- _DATA UNDER STUDY_:
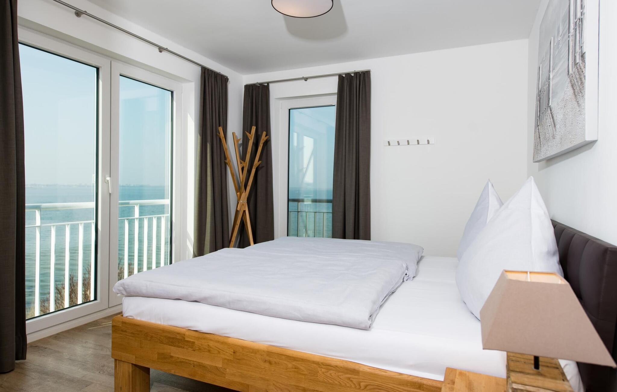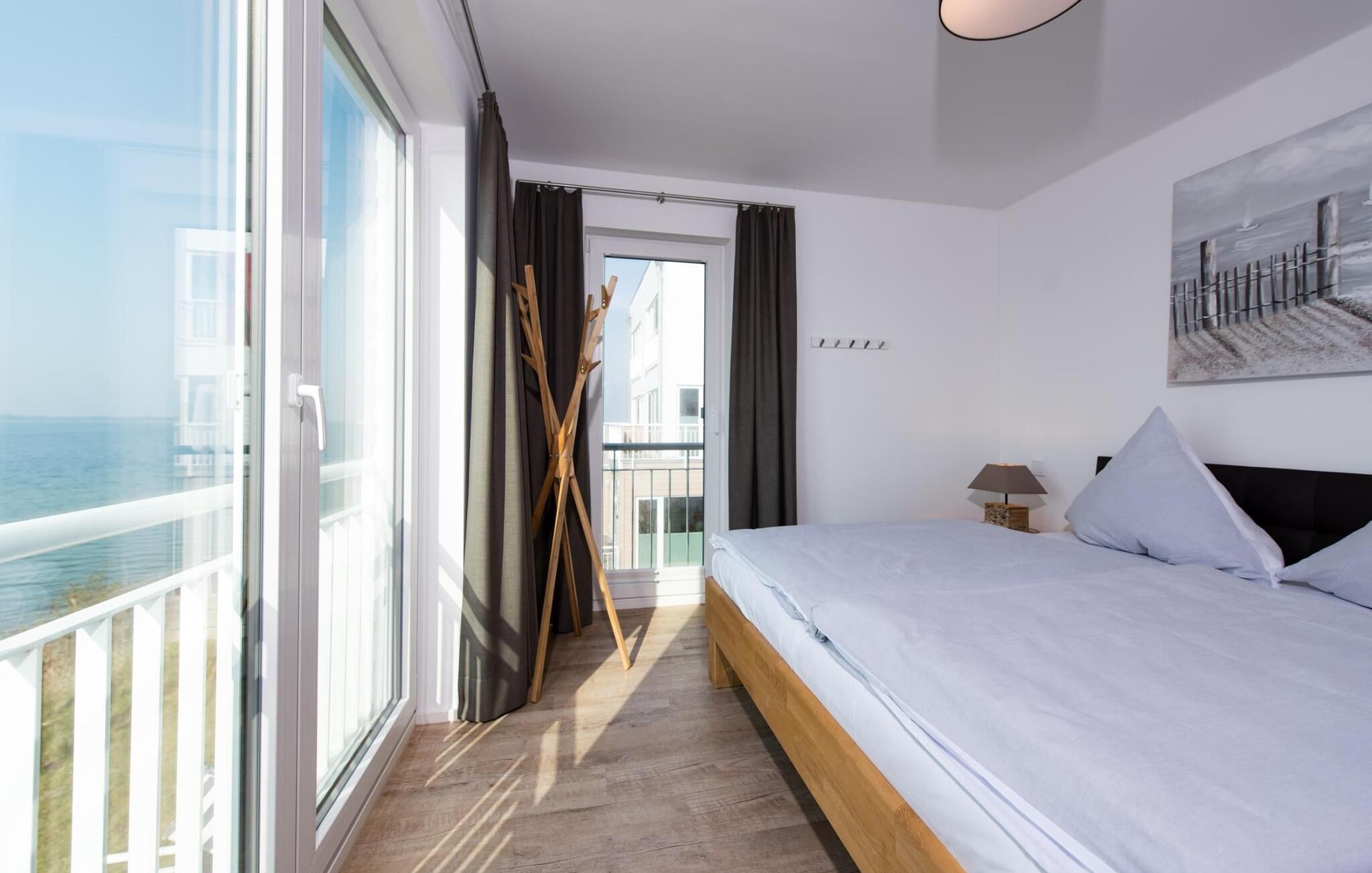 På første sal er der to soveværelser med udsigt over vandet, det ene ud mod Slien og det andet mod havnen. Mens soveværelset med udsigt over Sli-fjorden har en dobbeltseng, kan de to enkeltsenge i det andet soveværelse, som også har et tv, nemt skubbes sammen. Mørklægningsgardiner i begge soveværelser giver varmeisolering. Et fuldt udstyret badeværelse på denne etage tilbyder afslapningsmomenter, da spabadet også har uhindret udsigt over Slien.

==

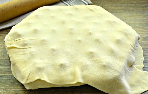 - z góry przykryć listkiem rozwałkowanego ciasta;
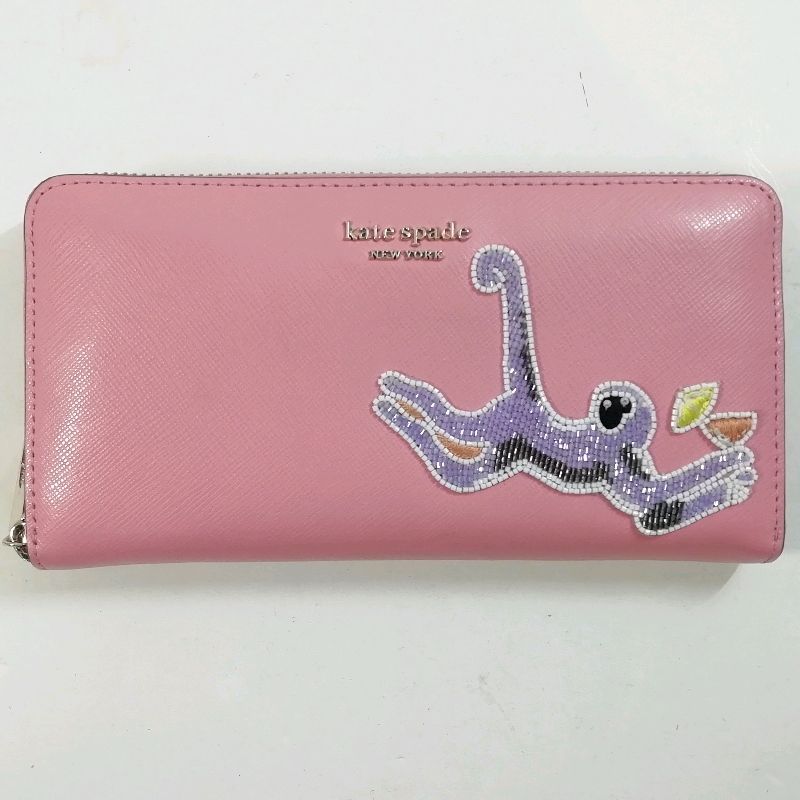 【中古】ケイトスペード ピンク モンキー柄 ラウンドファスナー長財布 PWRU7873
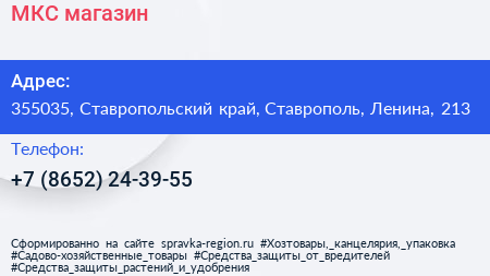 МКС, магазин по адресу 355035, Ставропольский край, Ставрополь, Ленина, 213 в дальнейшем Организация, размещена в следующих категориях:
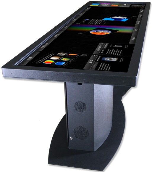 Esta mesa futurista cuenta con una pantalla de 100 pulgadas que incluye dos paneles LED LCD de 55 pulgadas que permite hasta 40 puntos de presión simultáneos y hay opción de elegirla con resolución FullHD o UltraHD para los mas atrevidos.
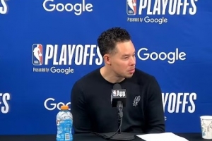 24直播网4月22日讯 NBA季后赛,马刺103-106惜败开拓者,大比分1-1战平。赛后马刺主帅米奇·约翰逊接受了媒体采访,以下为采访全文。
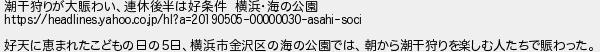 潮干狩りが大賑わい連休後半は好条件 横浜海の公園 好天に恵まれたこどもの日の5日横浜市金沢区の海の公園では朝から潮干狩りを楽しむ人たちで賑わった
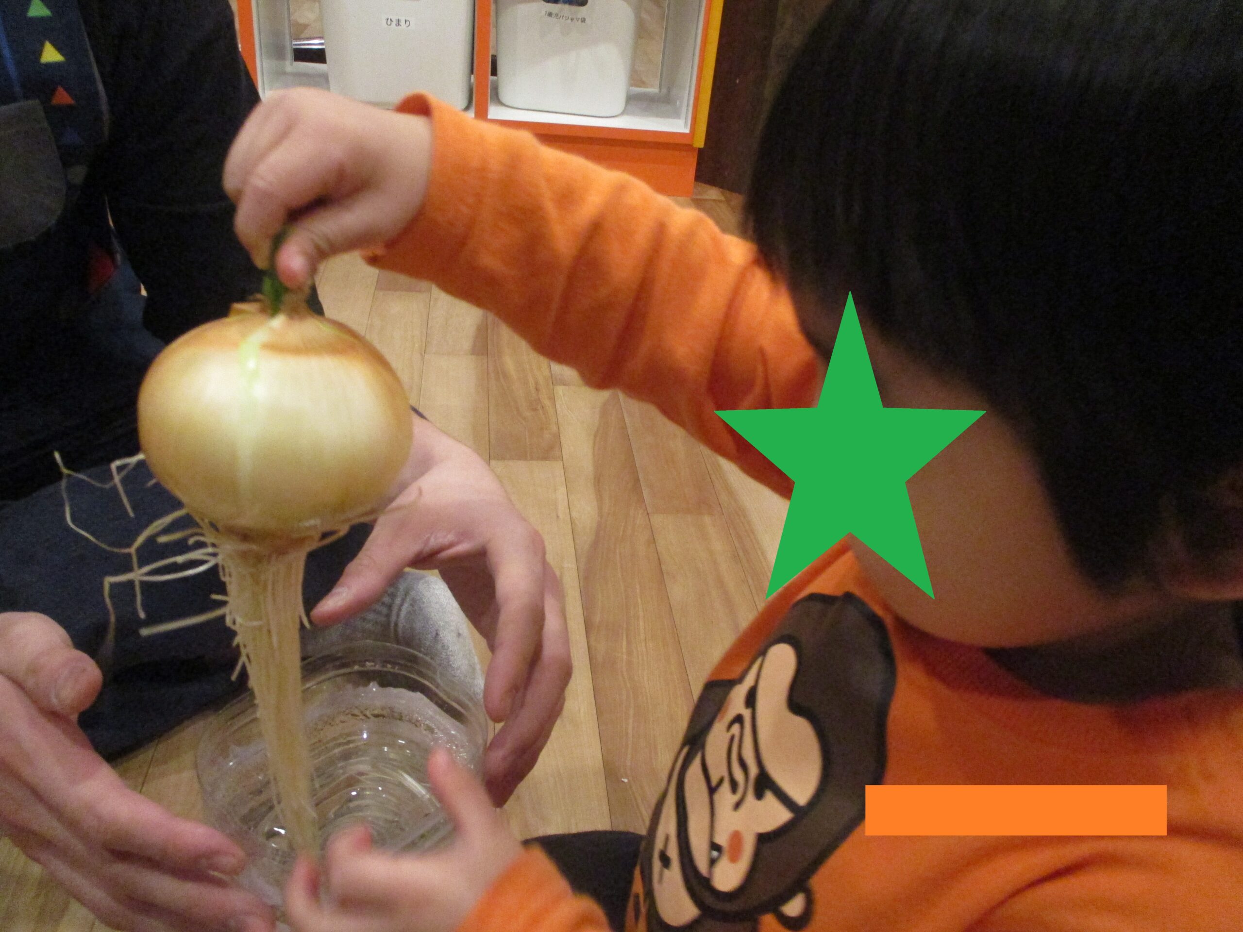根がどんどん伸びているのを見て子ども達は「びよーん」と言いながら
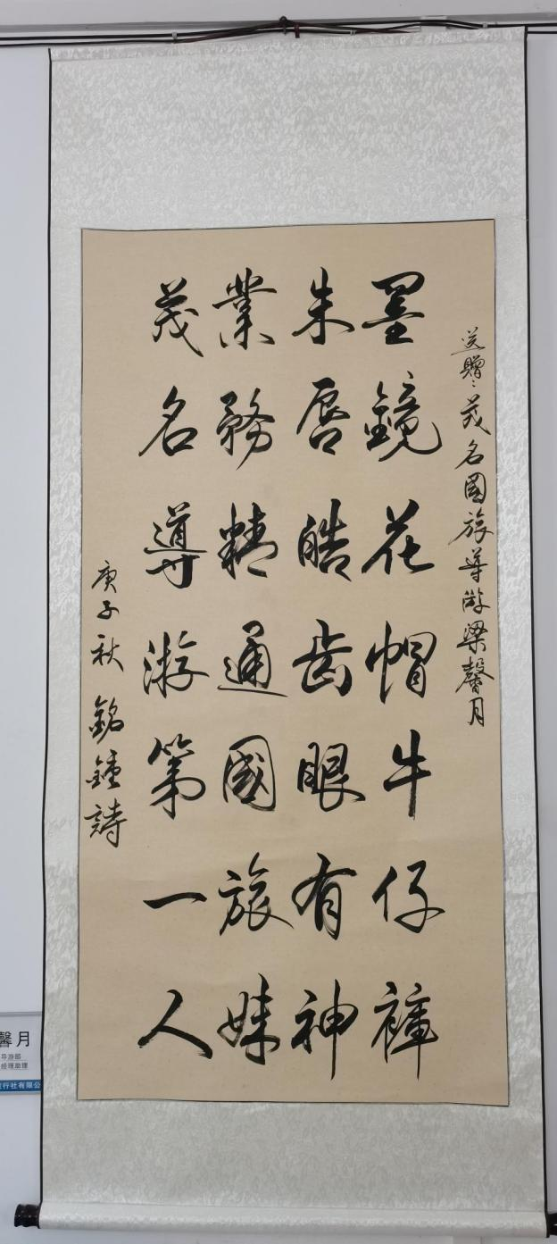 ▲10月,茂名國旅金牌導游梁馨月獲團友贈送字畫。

- _WHAT TO WORK ON_: Your copy should hold only the lines above from the one containing "モンキー柄 ラウンドファスナー長財布 PWRU7873" through the one containing "МКС, магазин по", exactly as written and free of pictures.

- _FINISHED TASK_:
 【中古】ケイトスペード ピンク モンキー柄 ラウンドファスナー長財布 PWRU7873
 МКС, магазин по адресу 355035, Ставропольский край, Ставрополь, Ленина, 213 в дальнейшем Организация, размещена в следующих категориях:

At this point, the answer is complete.